▽

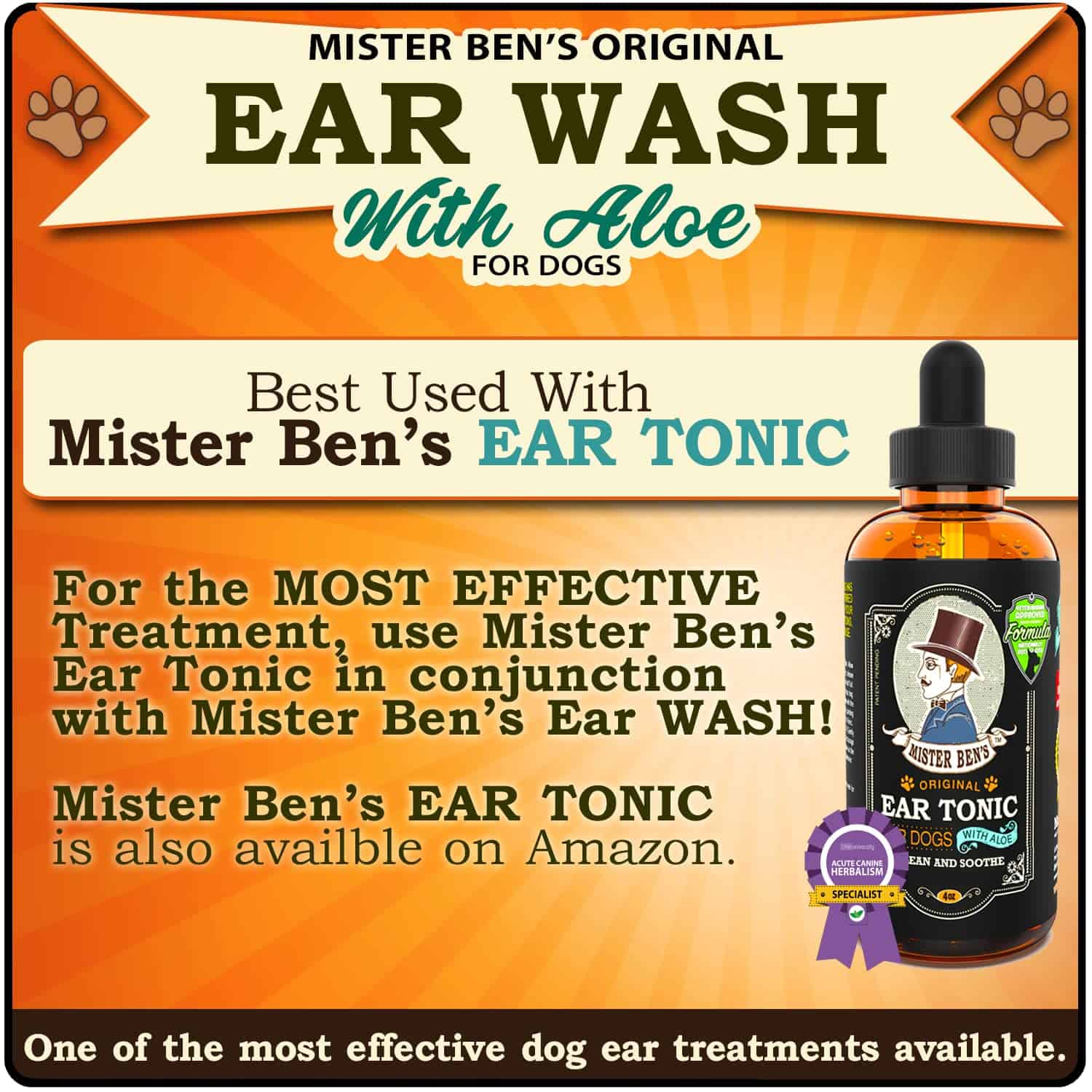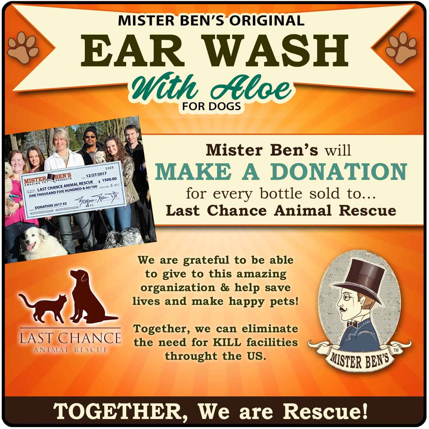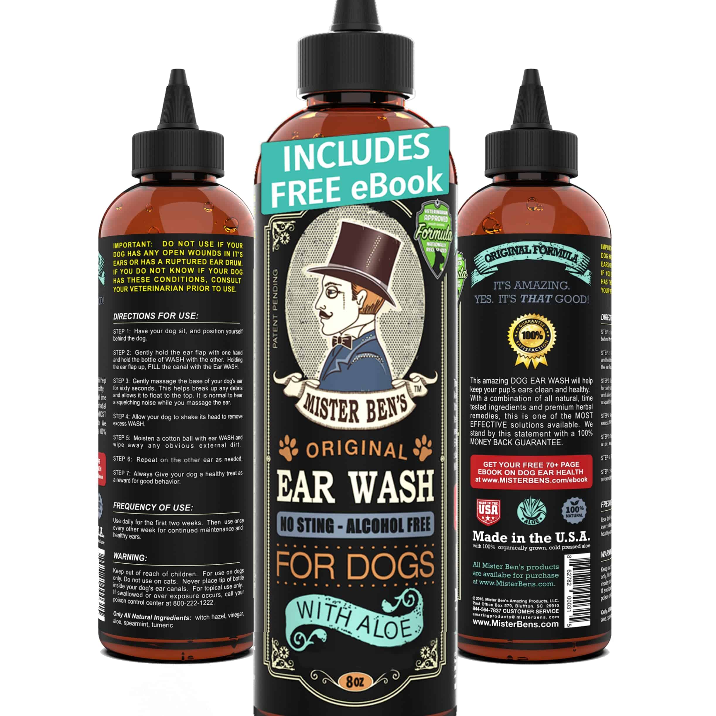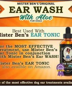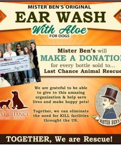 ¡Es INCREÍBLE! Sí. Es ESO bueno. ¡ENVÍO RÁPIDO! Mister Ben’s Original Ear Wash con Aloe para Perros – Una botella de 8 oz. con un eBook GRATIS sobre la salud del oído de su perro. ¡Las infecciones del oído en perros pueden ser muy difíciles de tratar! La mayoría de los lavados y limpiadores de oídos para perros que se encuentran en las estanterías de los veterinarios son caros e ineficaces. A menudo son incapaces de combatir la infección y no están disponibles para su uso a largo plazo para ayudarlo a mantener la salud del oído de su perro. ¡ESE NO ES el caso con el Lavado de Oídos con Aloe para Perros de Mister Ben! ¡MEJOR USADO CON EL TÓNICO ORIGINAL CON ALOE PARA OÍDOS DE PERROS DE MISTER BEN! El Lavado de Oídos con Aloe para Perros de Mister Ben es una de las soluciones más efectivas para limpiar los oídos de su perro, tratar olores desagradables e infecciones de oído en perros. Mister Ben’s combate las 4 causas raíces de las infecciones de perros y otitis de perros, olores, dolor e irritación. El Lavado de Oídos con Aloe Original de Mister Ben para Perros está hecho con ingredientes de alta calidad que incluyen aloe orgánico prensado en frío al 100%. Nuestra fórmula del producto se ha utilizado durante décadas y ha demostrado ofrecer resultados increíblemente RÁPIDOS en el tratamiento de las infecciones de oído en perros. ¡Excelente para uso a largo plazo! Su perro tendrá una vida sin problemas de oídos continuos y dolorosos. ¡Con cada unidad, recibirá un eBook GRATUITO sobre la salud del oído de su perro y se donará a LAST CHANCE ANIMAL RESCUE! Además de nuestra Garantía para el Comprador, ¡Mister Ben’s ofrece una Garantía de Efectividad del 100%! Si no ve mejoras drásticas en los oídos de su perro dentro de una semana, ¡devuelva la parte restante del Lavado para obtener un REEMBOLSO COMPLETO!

△
▽

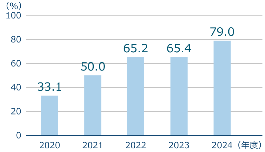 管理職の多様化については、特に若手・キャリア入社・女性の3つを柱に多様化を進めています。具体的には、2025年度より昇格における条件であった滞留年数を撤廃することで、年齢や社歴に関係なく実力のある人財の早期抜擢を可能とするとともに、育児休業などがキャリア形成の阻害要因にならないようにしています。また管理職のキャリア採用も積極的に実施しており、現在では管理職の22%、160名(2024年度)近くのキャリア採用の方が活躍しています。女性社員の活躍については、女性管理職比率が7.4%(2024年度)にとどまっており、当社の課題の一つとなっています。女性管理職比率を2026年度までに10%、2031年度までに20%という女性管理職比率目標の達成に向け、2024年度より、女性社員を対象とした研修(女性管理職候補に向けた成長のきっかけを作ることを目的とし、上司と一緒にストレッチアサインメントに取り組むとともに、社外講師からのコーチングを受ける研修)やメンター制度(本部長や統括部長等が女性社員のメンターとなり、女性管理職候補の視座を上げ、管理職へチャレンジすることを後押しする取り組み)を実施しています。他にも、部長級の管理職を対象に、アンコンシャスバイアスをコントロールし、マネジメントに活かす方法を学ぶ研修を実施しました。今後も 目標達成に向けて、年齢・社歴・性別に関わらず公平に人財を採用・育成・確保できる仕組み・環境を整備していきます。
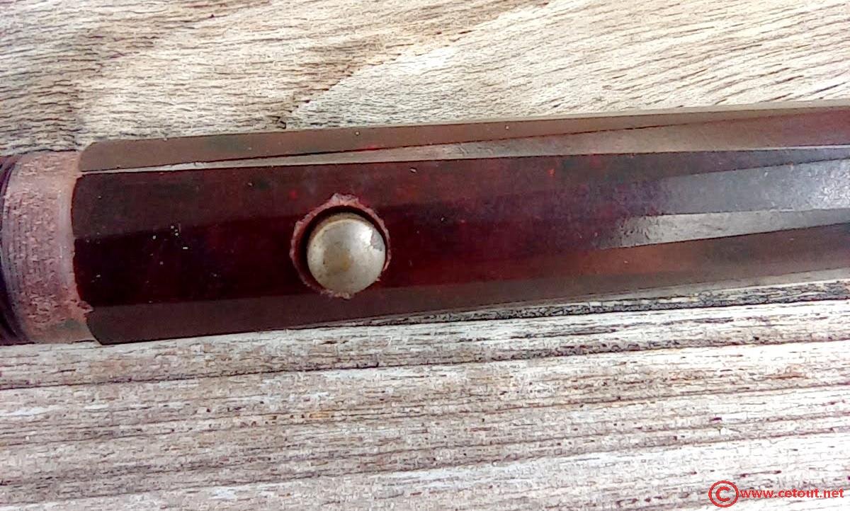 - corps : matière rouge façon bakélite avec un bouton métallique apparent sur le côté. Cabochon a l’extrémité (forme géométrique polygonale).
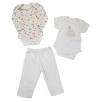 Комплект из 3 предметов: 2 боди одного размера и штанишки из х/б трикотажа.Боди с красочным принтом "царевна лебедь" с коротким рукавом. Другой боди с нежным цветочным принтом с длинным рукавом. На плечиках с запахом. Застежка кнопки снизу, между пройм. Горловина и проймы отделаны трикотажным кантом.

△

- [Exercise instructions] Pictures excluded, reproduce only the part above that opens with the line holding "- corps : matière" and closes with the line holding "Комплект из 3", exactly as written.

- [Exercise solution]
 - corps : matière rouge façon bakélite avec un bouton métallique apparent sur le côté. Cabochon a l’extrémité (forme géométrique polygonale).
 Комплект из 3 предметов: 2 боди одного размера и штанишки из х/б трикотажа.Боди с красочным принтом "царевна лебедь" с коротким рукавом. Другой боди с нежным цветочным принтом с длинным рукавом. На плечиках с запахом. Застежка кнопки снизу, между пройм. Горловина и проймы отделаны трикотажным кантом.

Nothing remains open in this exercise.